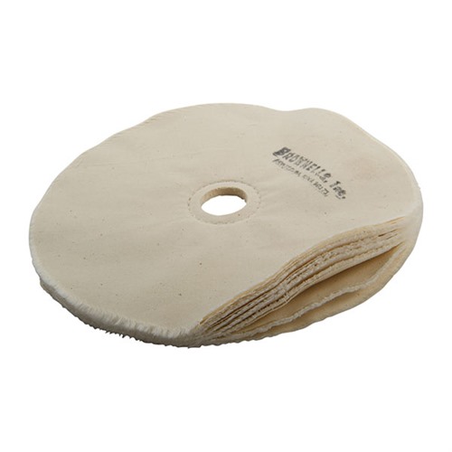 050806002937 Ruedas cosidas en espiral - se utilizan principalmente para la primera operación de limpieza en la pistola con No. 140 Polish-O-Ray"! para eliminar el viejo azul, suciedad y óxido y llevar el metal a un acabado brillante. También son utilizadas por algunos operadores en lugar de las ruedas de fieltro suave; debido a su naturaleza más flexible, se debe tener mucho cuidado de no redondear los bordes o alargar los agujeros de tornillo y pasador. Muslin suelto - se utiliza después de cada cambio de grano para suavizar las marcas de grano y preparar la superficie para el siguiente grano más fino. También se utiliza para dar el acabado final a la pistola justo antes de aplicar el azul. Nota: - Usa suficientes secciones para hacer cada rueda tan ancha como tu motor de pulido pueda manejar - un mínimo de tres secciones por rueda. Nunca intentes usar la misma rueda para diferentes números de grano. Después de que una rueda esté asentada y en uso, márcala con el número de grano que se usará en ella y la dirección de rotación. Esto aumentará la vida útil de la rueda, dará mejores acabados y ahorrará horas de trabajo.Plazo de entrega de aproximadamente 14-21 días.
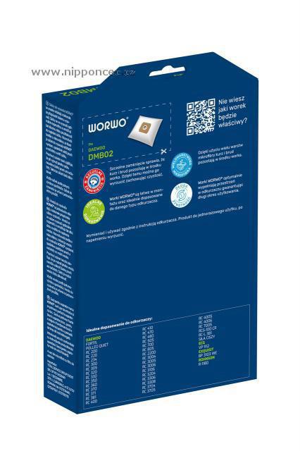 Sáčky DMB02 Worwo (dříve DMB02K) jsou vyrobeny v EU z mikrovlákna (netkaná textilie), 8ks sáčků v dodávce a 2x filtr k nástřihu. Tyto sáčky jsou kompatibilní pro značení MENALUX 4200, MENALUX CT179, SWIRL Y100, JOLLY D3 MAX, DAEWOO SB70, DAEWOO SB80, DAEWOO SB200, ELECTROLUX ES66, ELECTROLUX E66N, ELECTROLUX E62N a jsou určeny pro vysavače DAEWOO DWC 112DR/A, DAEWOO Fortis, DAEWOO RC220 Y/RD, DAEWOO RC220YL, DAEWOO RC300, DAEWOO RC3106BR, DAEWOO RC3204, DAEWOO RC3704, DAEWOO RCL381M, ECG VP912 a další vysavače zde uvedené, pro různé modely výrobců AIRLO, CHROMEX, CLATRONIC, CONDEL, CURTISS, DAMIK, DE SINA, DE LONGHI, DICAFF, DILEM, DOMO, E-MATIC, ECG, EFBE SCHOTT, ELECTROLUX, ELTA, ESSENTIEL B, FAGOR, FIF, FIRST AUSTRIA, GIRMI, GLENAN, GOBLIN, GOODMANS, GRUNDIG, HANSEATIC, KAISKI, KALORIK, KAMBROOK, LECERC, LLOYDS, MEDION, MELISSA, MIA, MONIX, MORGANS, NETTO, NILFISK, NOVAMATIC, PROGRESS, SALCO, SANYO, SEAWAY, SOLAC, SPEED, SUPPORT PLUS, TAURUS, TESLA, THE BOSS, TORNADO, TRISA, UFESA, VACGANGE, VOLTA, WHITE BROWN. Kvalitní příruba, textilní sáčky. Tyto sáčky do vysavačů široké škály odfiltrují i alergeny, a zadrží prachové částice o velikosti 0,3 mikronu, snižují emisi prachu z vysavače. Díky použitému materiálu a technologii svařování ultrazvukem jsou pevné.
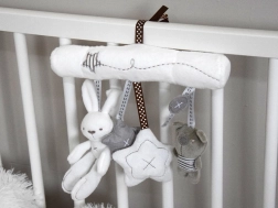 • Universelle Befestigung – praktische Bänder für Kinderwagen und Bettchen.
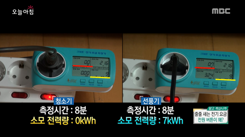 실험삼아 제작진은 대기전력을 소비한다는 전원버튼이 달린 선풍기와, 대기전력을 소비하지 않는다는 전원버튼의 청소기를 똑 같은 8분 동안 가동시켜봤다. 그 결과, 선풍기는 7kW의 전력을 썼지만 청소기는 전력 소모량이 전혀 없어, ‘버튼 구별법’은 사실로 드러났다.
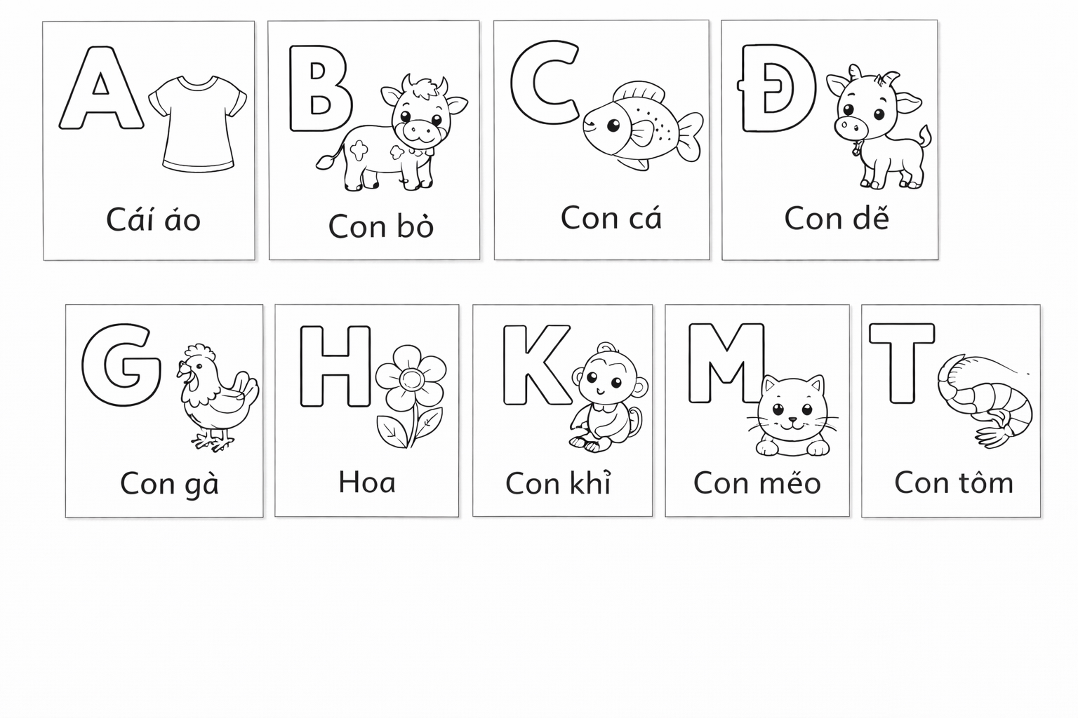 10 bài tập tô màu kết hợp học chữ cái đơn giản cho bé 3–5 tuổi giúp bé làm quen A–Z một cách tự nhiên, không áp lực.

*****

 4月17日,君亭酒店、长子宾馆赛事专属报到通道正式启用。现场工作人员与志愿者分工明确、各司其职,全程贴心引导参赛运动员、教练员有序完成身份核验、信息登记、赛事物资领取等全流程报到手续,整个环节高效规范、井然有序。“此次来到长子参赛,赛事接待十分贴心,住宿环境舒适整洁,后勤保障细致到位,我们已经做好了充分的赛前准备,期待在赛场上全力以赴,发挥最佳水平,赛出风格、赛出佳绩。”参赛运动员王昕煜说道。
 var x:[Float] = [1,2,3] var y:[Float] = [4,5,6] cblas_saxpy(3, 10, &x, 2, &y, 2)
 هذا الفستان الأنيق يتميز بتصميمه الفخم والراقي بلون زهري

*****

### Your assignment
All that is wanted is the lines above between the one containing "실험삼아 제작진은 대기전력을" and the one containing "10 bài tập tô", inclusive, restated word for word, with pictures omitted.

### Exercise solution
 실험삼아 제작진은 대기전력을 소비한다는 전원버튼이 달린 선풍기와, 대기전력을 소비하지 않는다는 전원버튼의 청소기를 똑 같은 8분 동안 가동시켜봤다. 그 결과, 선풍기는 7kW의 전력을 썼지만 청소기는 전력 소모량이 전혀 없어, ‘버튼 구별법’은 사실로 드러났다.
 10 bài tập tô màu kết hợp học chữ cái đơn giản cho bé 3–5 tuổi giúp bé làm quen A–Z một cách tự nhiên, không áp lực.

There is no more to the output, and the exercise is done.